◆ ACTIVITY ◆
Restate each line of the listing exactly, without carrying over any pictures.

◆ MATERIAL PROVIDED ◆

######

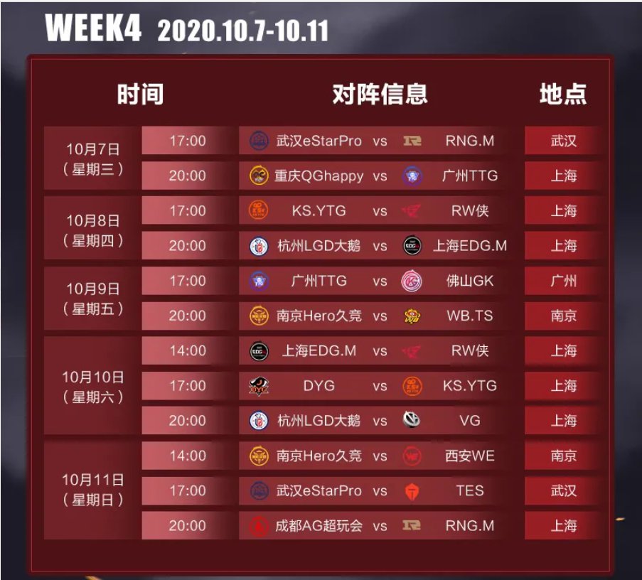 同时2020年KPL王者荣耀职业联赛秋季赛武汉eStarPro、广州TTG、南京Hero久竞三家俱乐部正式落地线下城市主场,联盟也将上海电竞中心作为线下主场。今年KPL王者荣耀职业联赛秋季赛将于上海、武汉、广州、南京四城开赛,让你可以在自己的城市,为你支持的主场战队加油助威!
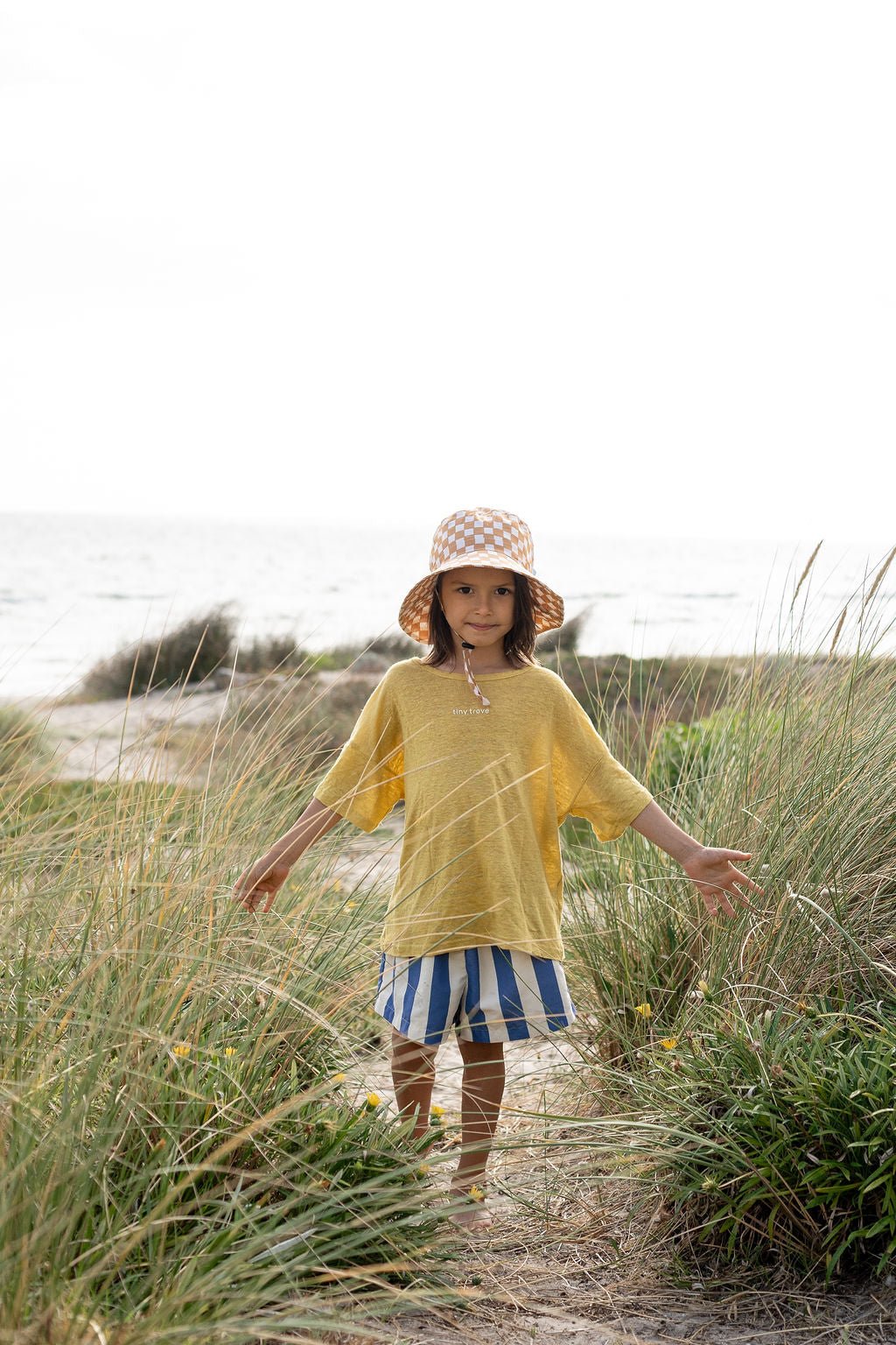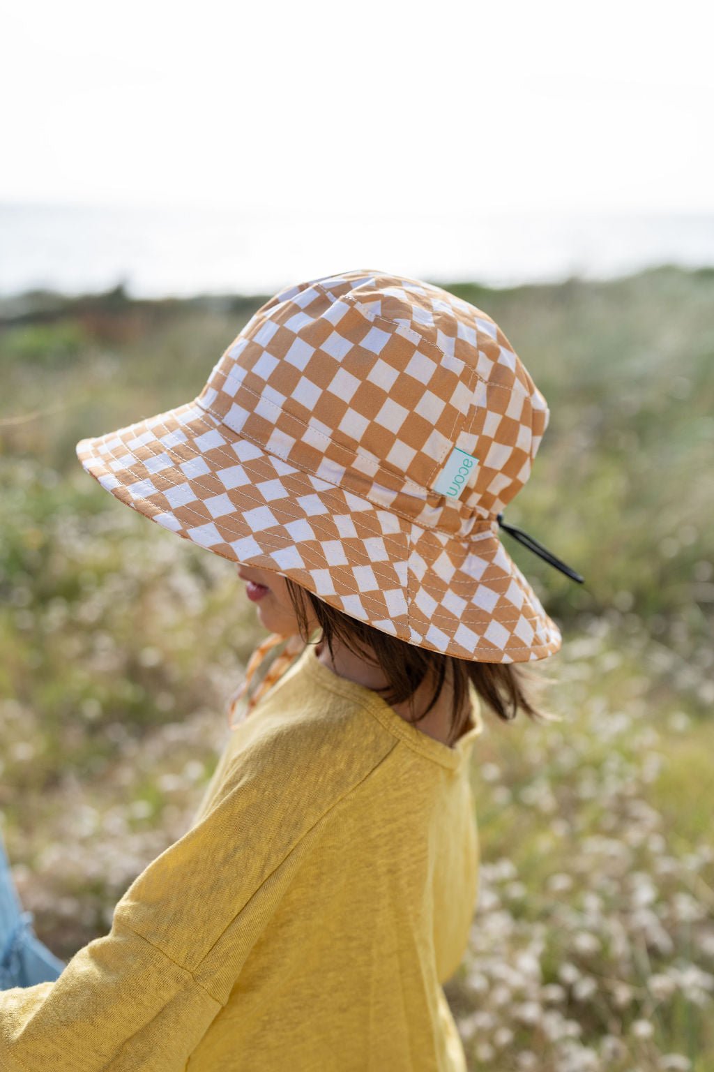 Let the summer fun begin, with this super cool caramel and cream checks print on the outside and inner brim. The original artwork was designed in Melbourne by artist Jacinta Weir.
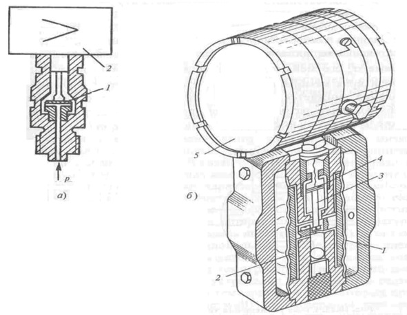 6.28 – rasm. «Sapfir-22» markasidagi bosim datchigi sxematik tuzilishi. a) 1- tenzoqarshilik, 2- elektron blok. b) 1,2- menbrana, 3- kuchni uzatuvchi richag, 4- tenzoqarshilik, 5- elektron blok.

######

◆ EXERCISE OUTPUT ◆
 同时2020年KPL王者荣耀职业联赛秋季赛武汉eStarPro、广州TTG、南京Hero久竞三家俱乐部正式落地线下城市主场,联盟也将上海电竞中心作为线下主场。今年KPL王者荣耀职业联赛秋季赛将于上海、武汉、广州、南京四城开赛,让你可以在自己的城市,为你支持的主场战队加油助威!
 Let the summer fun begin, with this super cool caramel and cream checks print on the outside and inner brim. The original artwork was designed in Melbourne by artist Jacinta Weir.
 6.28 – rasm. «Sapfir-22» markasidagi bosim datchigi sxematik tuzilishi. a) 1- tenzoqarshilik, 2- elektron blok. b) 1,2- menbrana, 3- kuchni uzatuvchi richag, 4- tenzoqarshilik, 5- elektron blok.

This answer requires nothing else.